> _TASK BRIEF_: Starting at the line that contains "во главе состава", print each line exactly through the end of the listing. Skip any pictures and add nothing.

> _RAW DATA_:
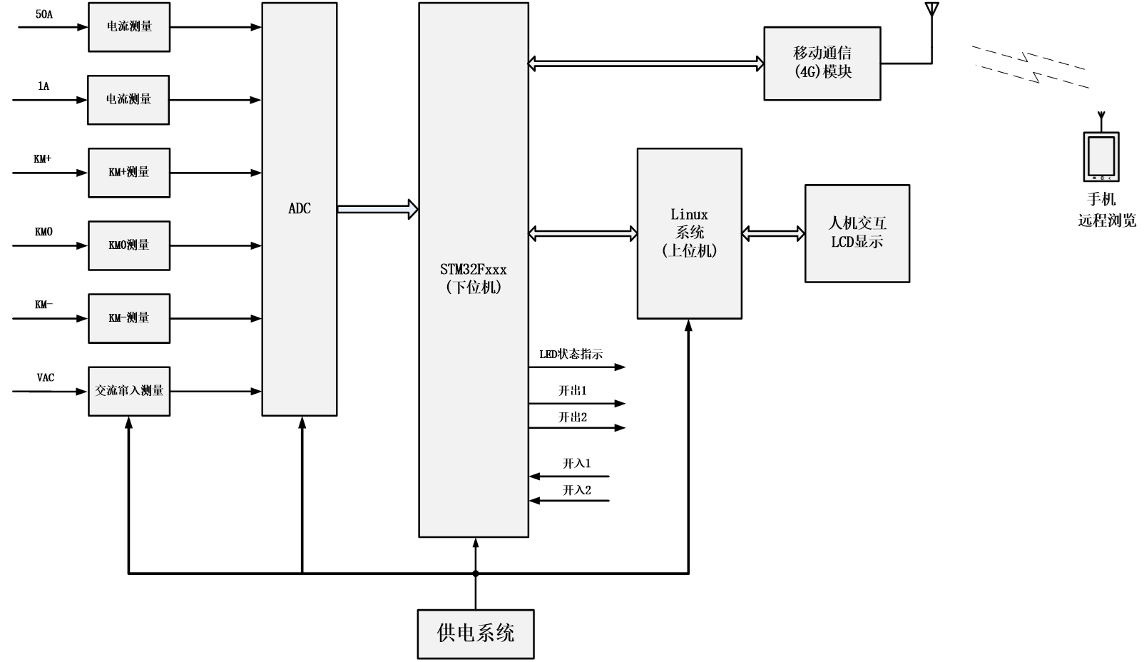 變電站直流應(yīng)急監(jiān)控儀主要由兩大部分組成,直流應(yīng)急監(jiān)測模塊和通信模塊。 直流應(yīng)急監(jiān)測模塊包含下位機(jī)和ADC部分,完成直流系統(tǒng)信息采集、過壓欠壓告警發(fā)出、接地告警發(fā)出。 通信模塊由Linux上位機(jī)和移動通信部分組成,完成直流系統(tǒng)信息現(xiàn)場顯示及遠(yuǎn)程發(fā)送。
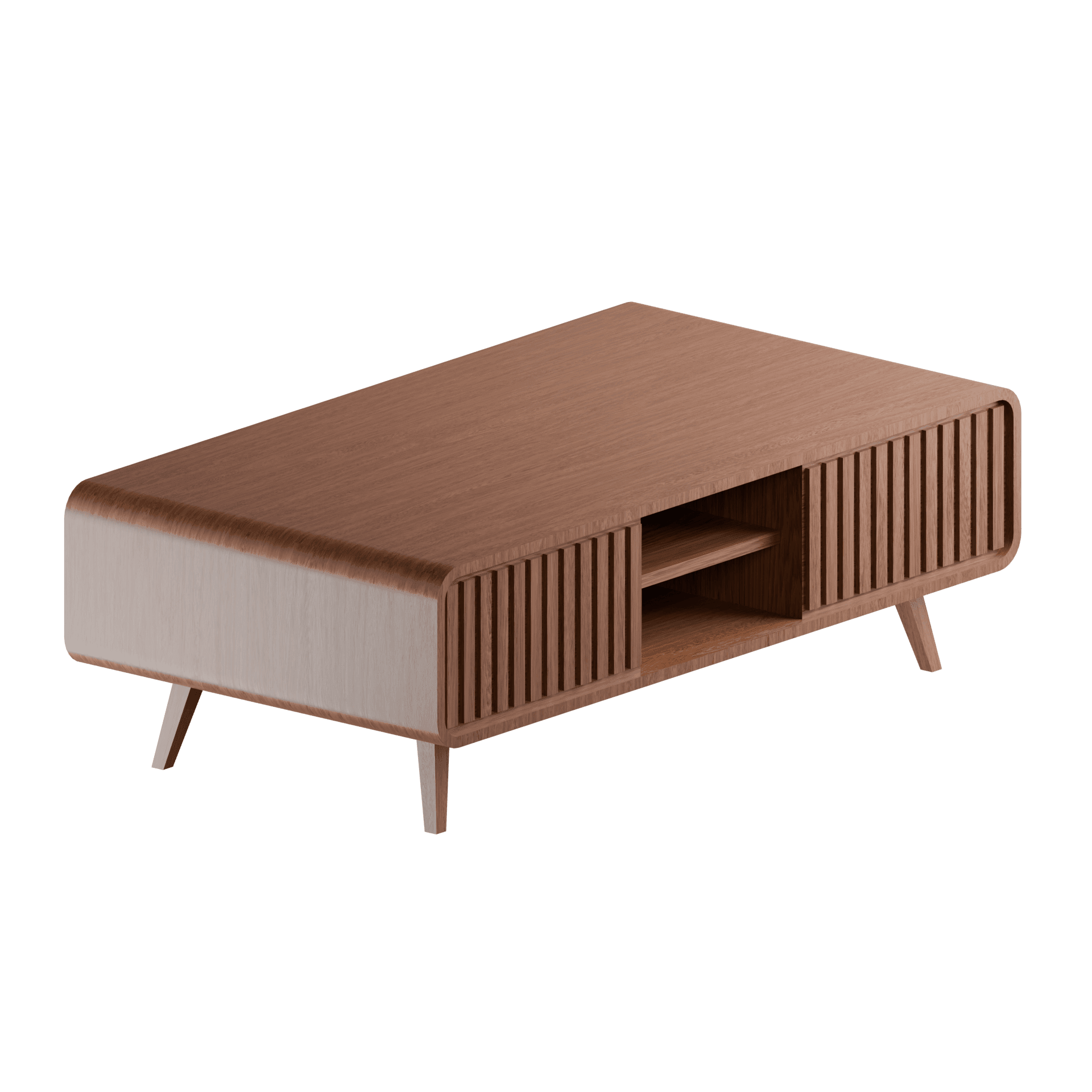 A smooth, curved-edge wooden living room table with open storage and a mid-century look.
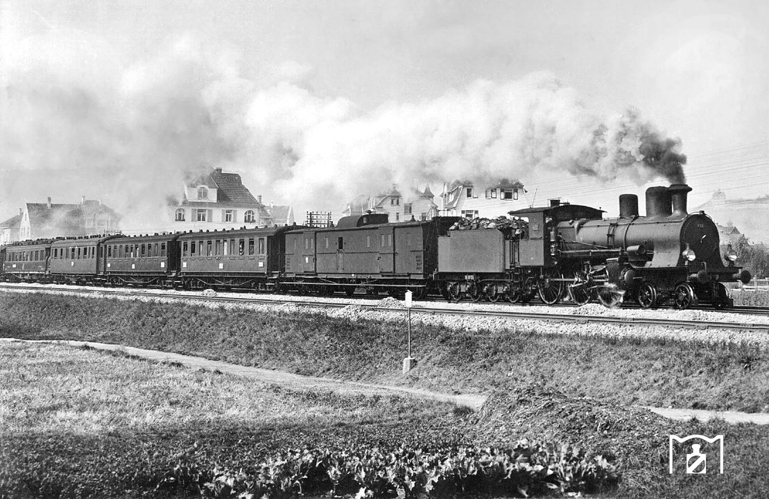 во главе состава вюртембергский (K.W.St.E.) паровоз класса D, за ним багажный вагон и два вагона 3-го класса Эльзас-Лотарингии (Els.Loth.), затем баденский (Bad.StB.) купейный вагон 1-2 класса, и за ним вагон-ресторан ISG, а далее уже не видно.
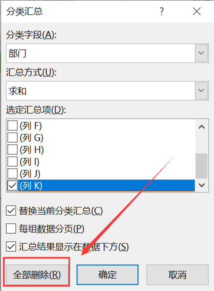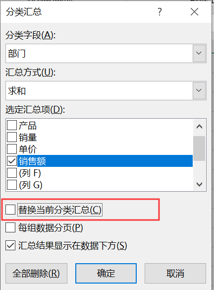 还是选中数据,对其进行分类汇总,先对部门数据进行分类汇总,这里注意需要把【替换当前分类汇总】的勾选取消;

> _WRITTEN ANSWER_:
 во главе состава вюртембергский (K.W.St.E.) паровоз класса D, за ним багажный вагон и два вагона 3-го класса Эльзас-Лотарингии (Els.Loth.), затем баденский (Bad.StB.) купейный вагон 1-2 класса, и за ним вагон-ресторан ISG, а далее уже не видно.
 还是选中数据,对其进行分类汇总,先对部门数据进行分类汇总,这里注意需要把【替换当前分类汇总】的勾选取消;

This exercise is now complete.